As compared to placebo, curcumin did not alter protein expression in PBMC (p > 0.05). However, in both study conditions at 1 h post-reductions were noted in TLR 4 (- 21.5%; p = 0.03), HSP70 (- 11.0%; p = 0.04), pAMPK (- 48.5%; p < 0.01), and SIRT1 (- 47.8%; p < 0.01). Remarkably, the ratio of pNF-κB to NF-κB was elevated in both conditions at this same timepoint (+ 75.4%; p = 0.02).
Inflammatory protein expression in PBMC did not differ between curcumin and placebo conditions. Downregulation of pAMPK/SIRT1 and release of HSP70 to the bloodstream may compensate for reduced TLR4, allowing PBMC to maintain inflammatory capacity and preventing an "open window" during the hours following hyperthermic exercise.
姜黄素可减轻肠道屏障损伤和血浆细胞因子对运动性热应激的反应。然而,外周血单个核细胞(PBMC)在此反应中的作用尚不清楚。
本研究旨在探讨 3 天 500mg/天饮食姜黄素补充对非热适应人体运动性热应激时 PBMC 反应的影响。

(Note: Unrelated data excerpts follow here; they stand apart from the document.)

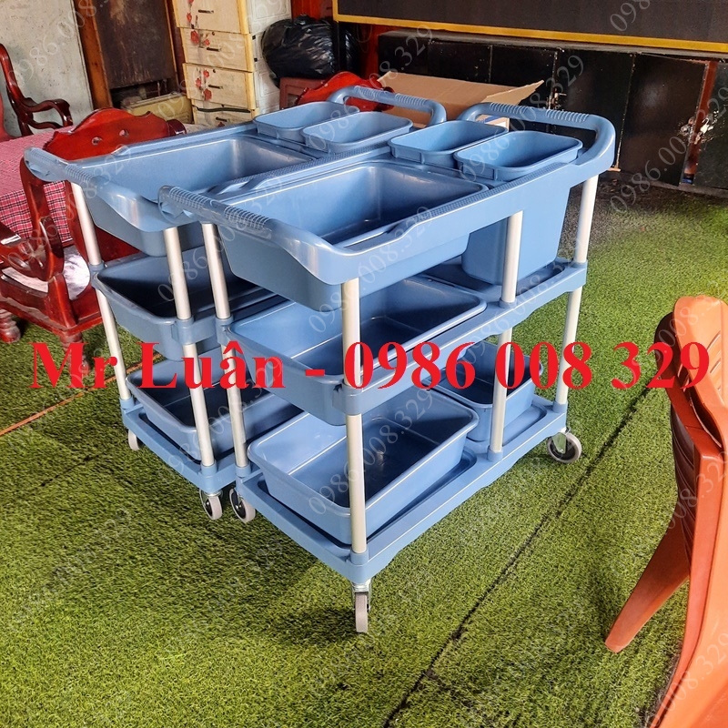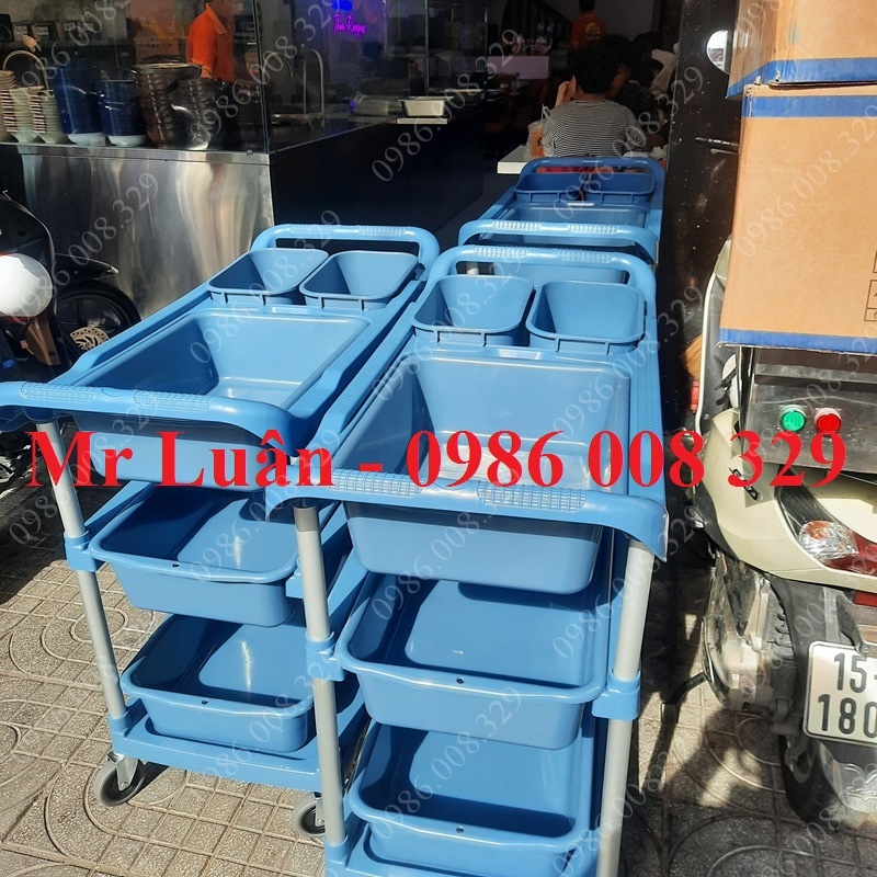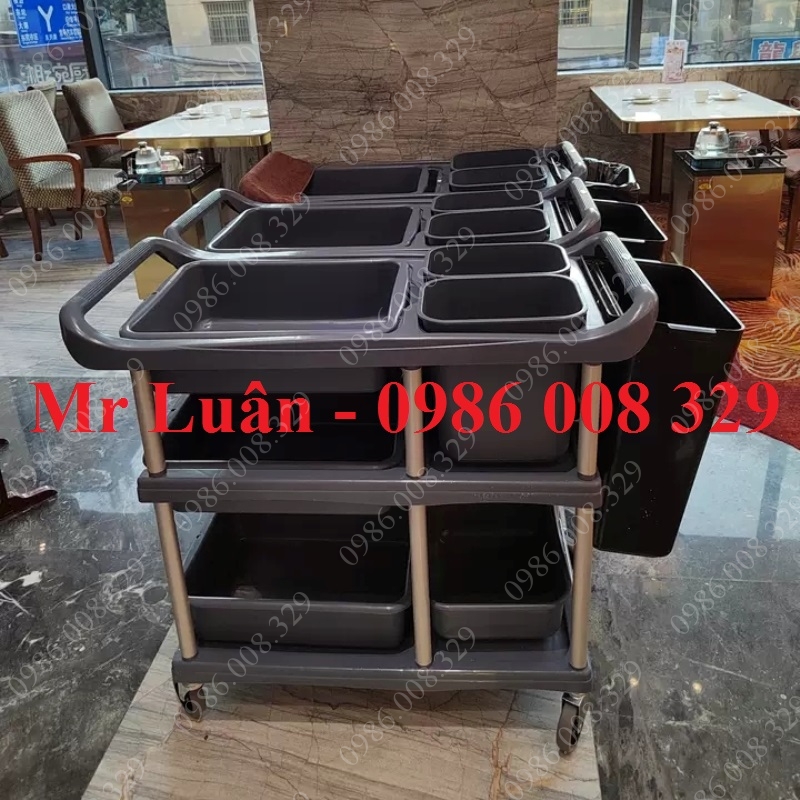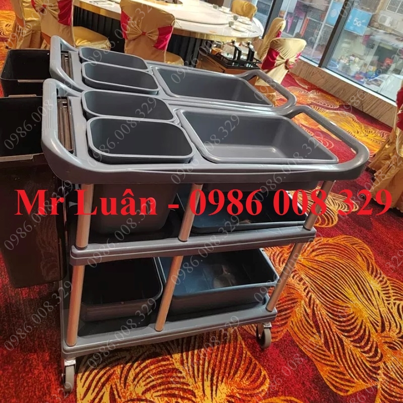 - Xe dọn thức ăn có nhiều tầng đựng khay nhựa và xô nhựa giúp nhân viên phục vụ phân loại thức ăn thừa và các loại vật dụng như chén dĩa dễ dàng, giúp cho công việc dọn dẹp bàn ăn diễn ra nhanh chóng.
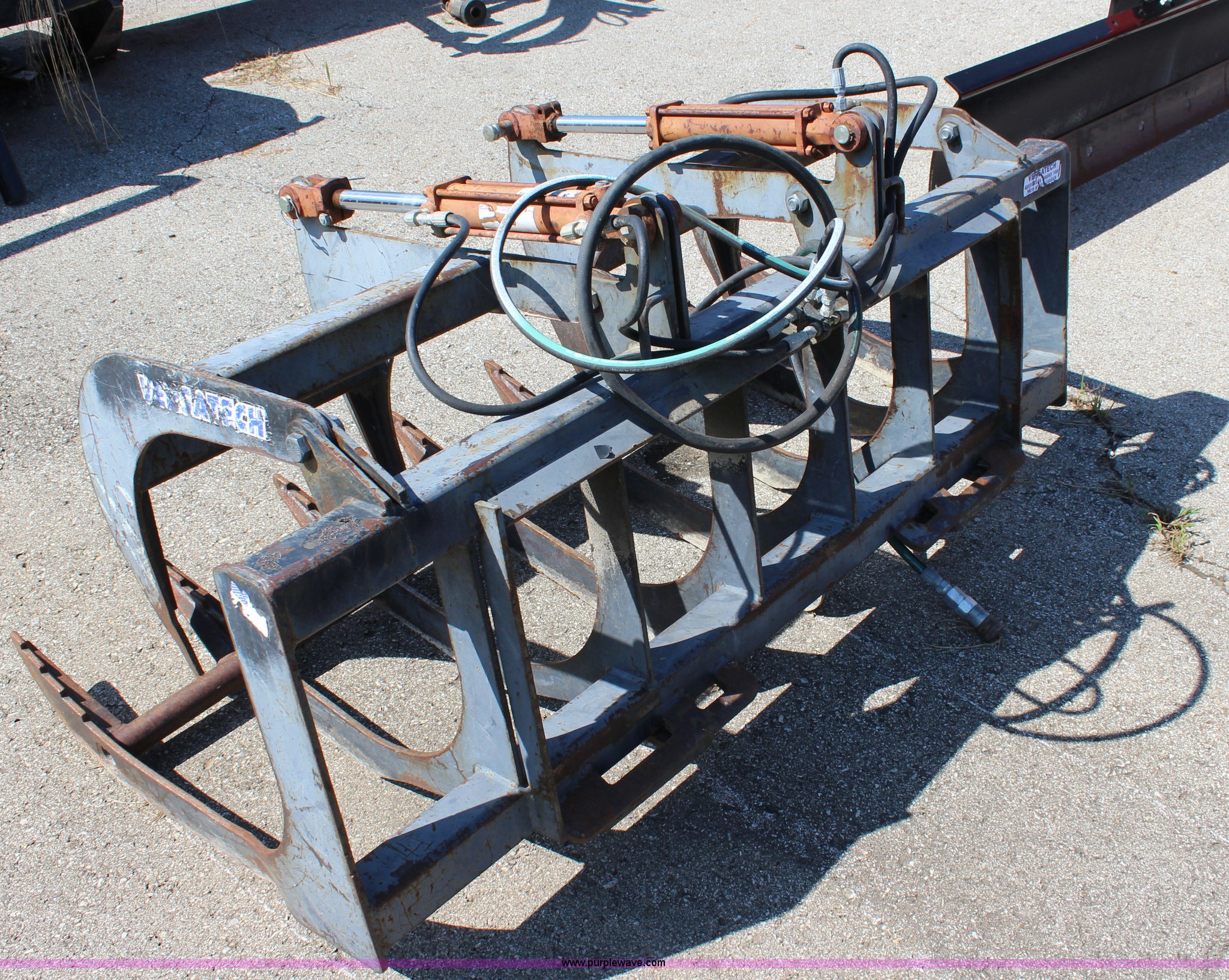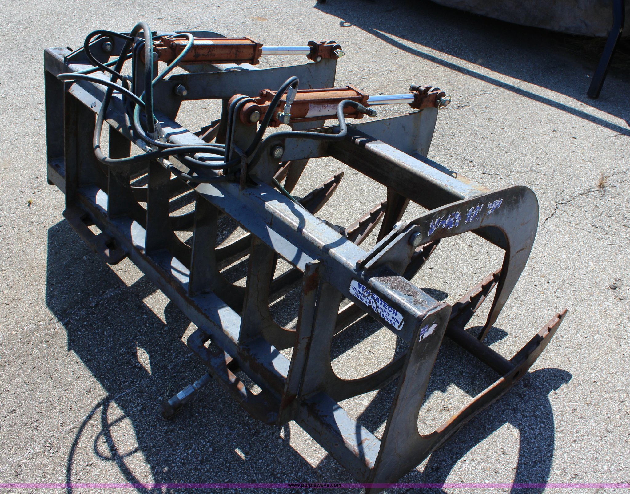 Purple Wave is selling a used Skid Steer Attach. in Kansas. This item is a Versatech skid steer grapple bucket with the following: 66"W
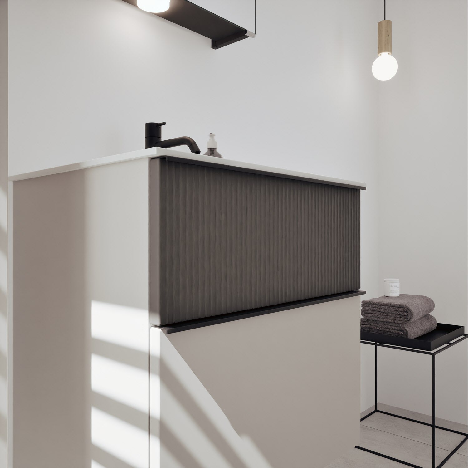 burgbad Fiumo 2.0 Mineralguss-Waschtisch mit Waschtischunterschrank 62 cm, mit Griff G0200

8 名参与者在环境室(37°C/25%RH)中以 65% VO 跑步 60min,两次(姜黄素/安慰剂)。在运动前、运动后、运动后 1 小时和运动后 4 小时采集血液样本。从血液样本中分离 PBMC,并使用 Western blot 检测 TLR4 信号通路(TLR4、MyD88、pNF-κB、NF-κB)、细胞能量状态标志物(SIRT1 和 p-AMPK)和细胞热休克反应介质(pHSF-1 和 HSP70)的蛋白含量。数据采用双因素(条件×时间)重复测量方差分析和 Newman-Keuls 事后检验进行分析。
与安慰剂相比,姜黄素并未改变 PBMC 中的蛋白表达(p>0.05)。然而,在两种研究条件下,运动后 1 小时,TLR4 减少了-21.5%(p=0.03),HSP70 减少了-11.0%(p=0.04),pAMPK 减少了-48.5%(p<0.01),SIRT1 减少了-47.8%(p<0.01)。值得注意的是,在同一时间点,两种情况下 pNF-κB/NF-κB 的比值均升高(+75.4%,p=0.02)。
姜黄素和安慰剂条件下 PBMC 的炎症蛋白表达无差异。pAMPK/SIRT1 的下调和 HSP70 向血液中的释放可能补偿 TLR4 的减少,使 PBMC 保持炎症能力,并防止热应激后数小时内出现“开放窗口”。